A receita obtida com a venda de eletricidade também não compensava o enorme investimento inicial. Em vez dos aproximadamente 10.500 euros anuais previstos, a receita foi de cerca de 4.550 euros em 2017 e apenas 3.100 euros em 2018. A diferença entre o custo de construção e a energia realmente produzida acabou se tornando um dos principais argumentos contra esse tipo de infraestrutura.
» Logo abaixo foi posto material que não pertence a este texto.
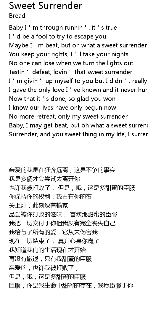 | [01:54] | Baby, I may get beat, but oh what a sweet surrender |
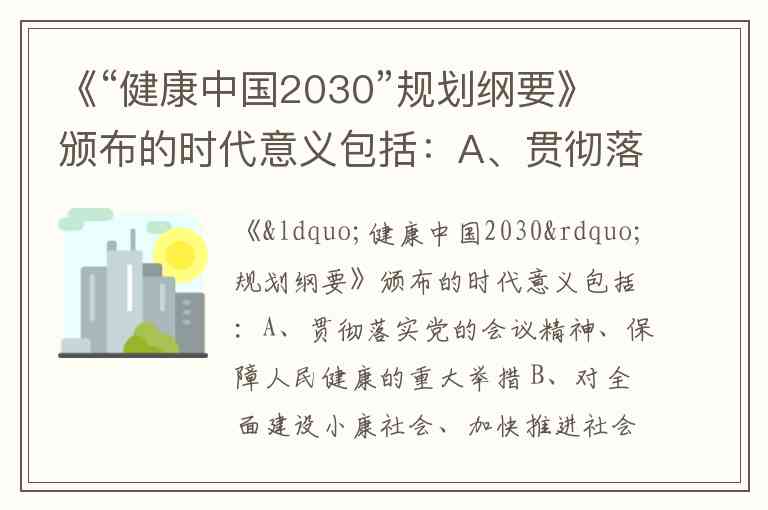 《“健康中国2030”规划纲要》颁布的时代意义包括:A、贯彻落实党的会议精神、保障人民健康的重大举措 B、对全面建设小康社会、加快推进社会主义现代化具有重大意义 C、是我国积极参与全球健康治理、履行我国对联合国“2030可持续发展议程”承诺的重要举措 D、是执政党对人民作出的一个郑重承诺

A experiência também trouxe uma conclusão bastante simples: ter milhares de quilômetros de asfalto disponível não significa que essa superfície seja adequada para instalar painéis solares. Uma instalação convencional pode ser orientada em direção ao sol, mantida limpa e substituída com relativa facilidade. Uma estrada, por outro lado, precisa estar preparada para suportar tráfego, chuva, sujeira, temperaturas variáveis e manutenção contínua.

O experimento terminou definitivamente em 2024. A desmontagem das placas começou em 27 de maio e o trecho foi reabilitado para se tornar uma estrada convencional. O próprio Departamento do Orne confirmou que a experiência serviu como banco de testes para o desenvolvimento de novas soluções, enquanto a Wattway argumentou posteriormente que Tourouvre permitiu identificar problemas e aprimorar sua tecnologia.

Na verdade, a Wattway não abandonou a tecnologia fotovoltaica para superfícies de mobilidade, mas mudou claramente seu foco. A empresa passou a se concentrar em aplicações de menor complexidade, como estacionamentos, calçadas, ciclovias e pequenos módulos capazes de alimentar câmeras, iluminação, pontos de ônibus ou carregadores para bicicletas elétricas.

A ideia original não era absurda: utilizar infraestruturas existentes para gerar eletricidade sem ocupar novos terrenos fazia sentido. O problema estava em tentar transformar uma estrada sujeita a tráfego constante em uma usina solar gigantesca. A experiência de Tourouvre demonstrou que produzir eletricidade e suportar tráfego intenso são duas tarefas bastante diferentes, e que fazer ambas na mesma superfície pode ter um custo excessivamente alto.